WHAT THIS TASK INVOLVES: Search the records for lines with the word "Мадонна" and copy each match.

DATA UNDER STUDY:
┌────────
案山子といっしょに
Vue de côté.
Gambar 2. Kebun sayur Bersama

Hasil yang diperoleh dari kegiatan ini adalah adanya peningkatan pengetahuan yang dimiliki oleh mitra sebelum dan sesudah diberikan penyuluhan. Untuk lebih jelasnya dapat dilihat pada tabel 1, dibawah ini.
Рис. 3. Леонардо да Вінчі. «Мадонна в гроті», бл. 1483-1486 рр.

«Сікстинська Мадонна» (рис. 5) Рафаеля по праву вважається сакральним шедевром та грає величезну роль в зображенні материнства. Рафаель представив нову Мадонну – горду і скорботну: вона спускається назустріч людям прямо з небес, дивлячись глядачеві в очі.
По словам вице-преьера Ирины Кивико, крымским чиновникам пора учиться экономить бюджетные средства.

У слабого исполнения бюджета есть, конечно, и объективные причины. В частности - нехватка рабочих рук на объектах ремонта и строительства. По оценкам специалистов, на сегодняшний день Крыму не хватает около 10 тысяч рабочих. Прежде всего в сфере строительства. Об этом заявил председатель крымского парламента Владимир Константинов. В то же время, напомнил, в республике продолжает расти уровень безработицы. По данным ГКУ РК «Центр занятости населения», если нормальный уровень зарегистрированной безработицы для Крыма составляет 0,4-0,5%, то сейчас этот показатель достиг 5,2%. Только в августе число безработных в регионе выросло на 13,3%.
└────────
┌────────
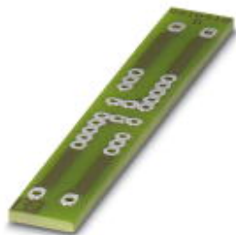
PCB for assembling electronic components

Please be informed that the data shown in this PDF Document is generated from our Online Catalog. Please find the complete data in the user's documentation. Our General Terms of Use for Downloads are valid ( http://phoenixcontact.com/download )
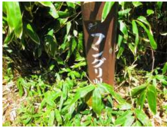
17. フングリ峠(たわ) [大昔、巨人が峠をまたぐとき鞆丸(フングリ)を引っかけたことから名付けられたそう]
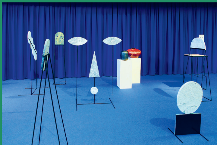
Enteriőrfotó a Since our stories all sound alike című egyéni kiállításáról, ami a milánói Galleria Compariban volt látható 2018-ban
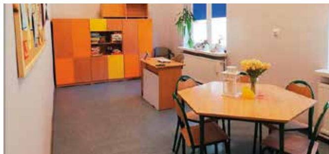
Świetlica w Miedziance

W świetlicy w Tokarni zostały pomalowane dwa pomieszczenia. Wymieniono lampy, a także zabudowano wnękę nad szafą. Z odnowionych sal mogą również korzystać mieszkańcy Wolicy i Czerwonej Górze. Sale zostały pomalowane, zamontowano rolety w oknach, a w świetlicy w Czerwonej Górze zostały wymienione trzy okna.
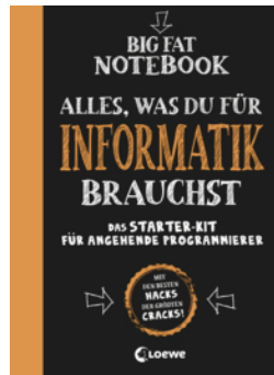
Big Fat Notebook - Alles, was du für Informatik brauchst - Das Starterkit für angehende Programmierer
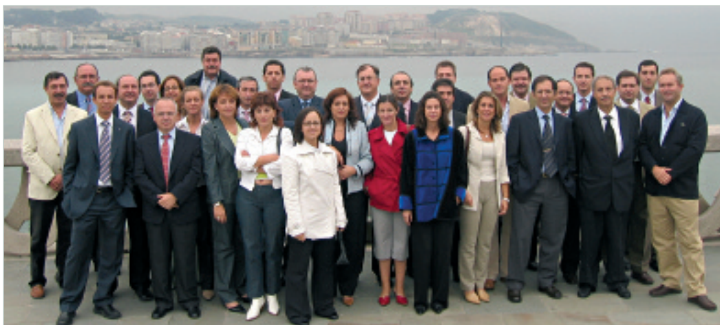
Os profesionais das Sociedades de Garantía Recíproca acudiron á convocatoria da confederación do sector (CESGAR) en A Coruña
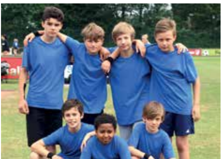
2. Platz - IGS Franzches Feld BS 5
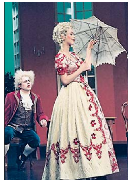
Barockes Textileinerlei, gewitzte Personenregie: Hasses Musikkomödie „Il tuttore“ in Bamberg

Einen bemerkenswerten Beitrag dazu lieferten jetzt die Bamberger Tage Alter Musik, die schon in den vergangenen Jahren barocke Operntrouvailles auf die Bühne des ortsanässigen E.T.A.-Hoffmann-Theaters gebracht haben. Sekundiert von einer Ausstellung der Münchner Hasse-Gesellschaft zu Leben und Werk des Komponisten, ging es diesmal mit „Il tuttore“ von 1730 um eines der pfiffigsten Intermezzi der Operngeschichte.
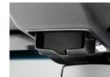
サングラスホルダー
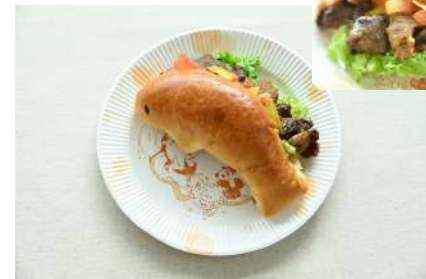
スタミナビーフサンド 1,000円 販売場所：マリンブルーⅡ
└────────
ANSWER SECTION:
Рис. 3. Леонардо да Вінчі. «Мадонна в гроті», бл. 1483-1486 рр.
«Сікстинська Мадонна» (рис. 5) Рафаеля по праву вважається сакральним шедевром та грає величезну роль в зображенні материнства. Рафаель представив нову Мадонну – горду і скорботну: вона спускається назустріч людям прямо з небес, дивлячись глядачеві в очі.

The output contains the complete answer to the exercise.